Friday, July 10, 2009

The Drug Trade, for example

Continued from last post.

I fear that many approach the world of ideas as if allegiance to an ideology dictates one's positions on all issues. A well formed system of thought will have some core principles and a logical framework for discussing ideas. However, one will find that, in any well formed systems of ideas, there are different ways to argue both sides of most major issues.

I present two examples: Libertarians tend to favor legalization of drugs. Conservatives tend to oppose it. So, I will present a Libertarian argument against legalizing drugs and a Conservative argument for it.

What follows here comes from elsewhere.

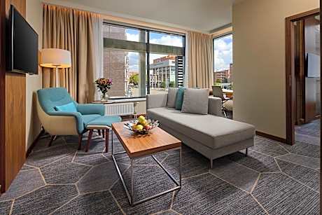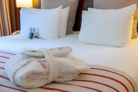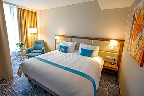 Crowne Plaza Maastricht, an IHG Hotel is less than a 15-minute walk from the Vrijthof in the center of Maastricht. It features a 24-hour reception and terrace with views over the River Maas. All of the rooms at Crowne Plaza Maastricht have a seating area with a cable TV. Each room is supplied with a bathrobe, a mini-bar, work desk and tea and coffee making facilities. The beds have quality linen and pillows, and matress pads. Guests can enjoy a drink at the fireside in the bar. Crowne Plaza Maastricht is a 10-minute walk from the Bonnefanten Museum. Maastricht Railway Station is less than 10 minutes' walk from the hotel and Maastricht Aachen Airport is 8.1 mi away.

The beating heart of Libertarianism is the freedom of the individual. Libertarians aspire to a society where people are making rational decisions for themselves which cumulatively improve the quality of the society itself.

A great deal of Libertarian thought centers on resolving the paradox that society cannot give an individual the right to take liberty from others.

Psychoactive and addictive substances diminish the ability of a person to engage in rational decision making. Even worse, the drug culture often has people selling or giving away drugs in hopes of manipulating others.

A staunch Libertarian might argue that society must have a way of restricting any substance which diminishes the capacity of a person to reason based on the observation that the capacity of reason is the essence of the individual.

Conservatives are dedicated to preserving and strengthening the moral fabric of a nation. As such, Conservatives tend to be strident supporter of strong anti-drug laws.

A conservative however, might notice that the strong drug laws are not stopping the drug trade, but appear to be providing a mechanism that is funding the moral break down of society. Such a conservative would argue for legalization with the hope that legalization might create a mechanism wherein one controls the harms of the drug trade. A law and order conservative might recognize that a law not well enforced can do more harm to society than the activity outlawed.

Conversely, I should note, an anarchist hates all laws. An anarchist might like the strong drug laws as the laws makes smuggling operations lucrative and have the potential to create an underclass that could be radicalized in revolution.

Anyway, rational systems (with a set of defined principles and solid reasoning process) are not as dictatorial as people make out. Having principles affects one's approach to the challenges of the day, but it does not dictate one's actions.